▶ **Problem requirements**: Quote the listing below in its entirety, omitting every image.

▶ **Input data**:
[Start of section]

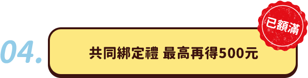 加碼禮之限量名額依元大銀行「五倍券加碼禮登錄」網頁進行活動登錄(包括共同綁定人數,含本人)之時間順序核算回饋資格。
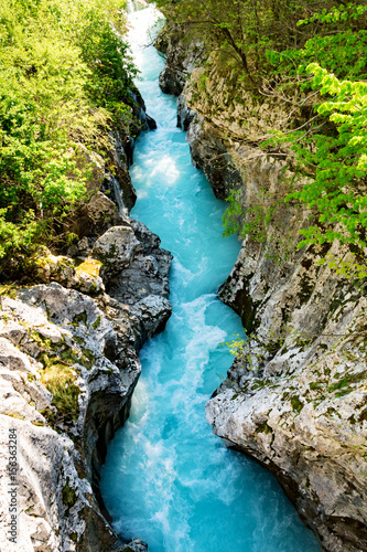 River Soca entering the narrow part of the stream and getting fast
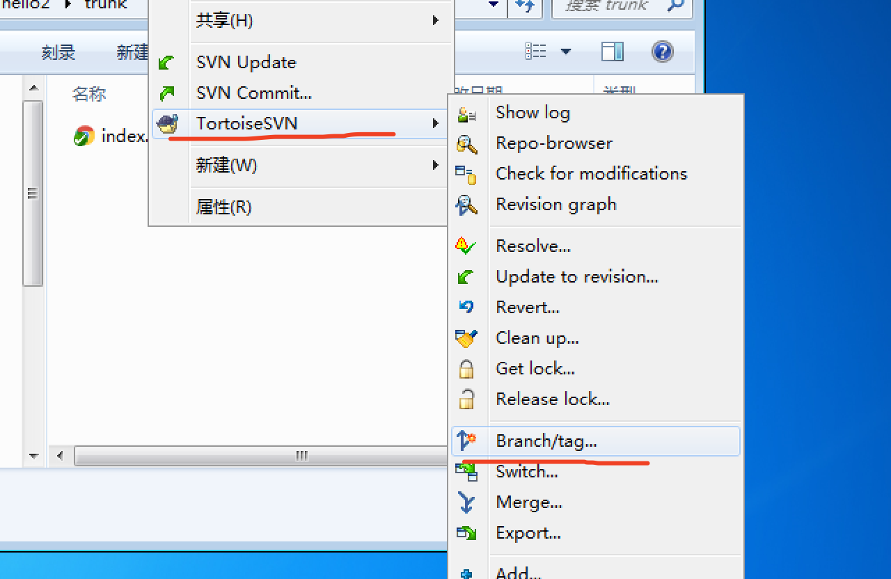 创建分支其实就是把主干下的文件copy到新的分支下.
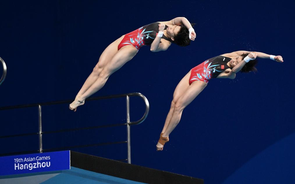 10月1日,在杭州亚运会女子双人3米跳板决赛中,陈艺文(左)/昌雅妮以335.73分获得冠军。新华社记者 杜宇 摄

[End of section]

▶ **Completed exercise**:
 加碼禮之限量名額依元大銀行「五倍券加碼禮登錄」網頁進行活動登錄(包括共同綁定人數,含本人)之時間順序核算回饋資格。
 River Soca entering the narrow part of the stream and getting fast
 创建分支其实就是把主干下的文件copy到新的分支下.
 10月1日,在杭州亚运会女子双人3米跳板决赛中,陈艺文(左)/昌雅妮以335.73分获得冠军。新华社记者 杜宇 摄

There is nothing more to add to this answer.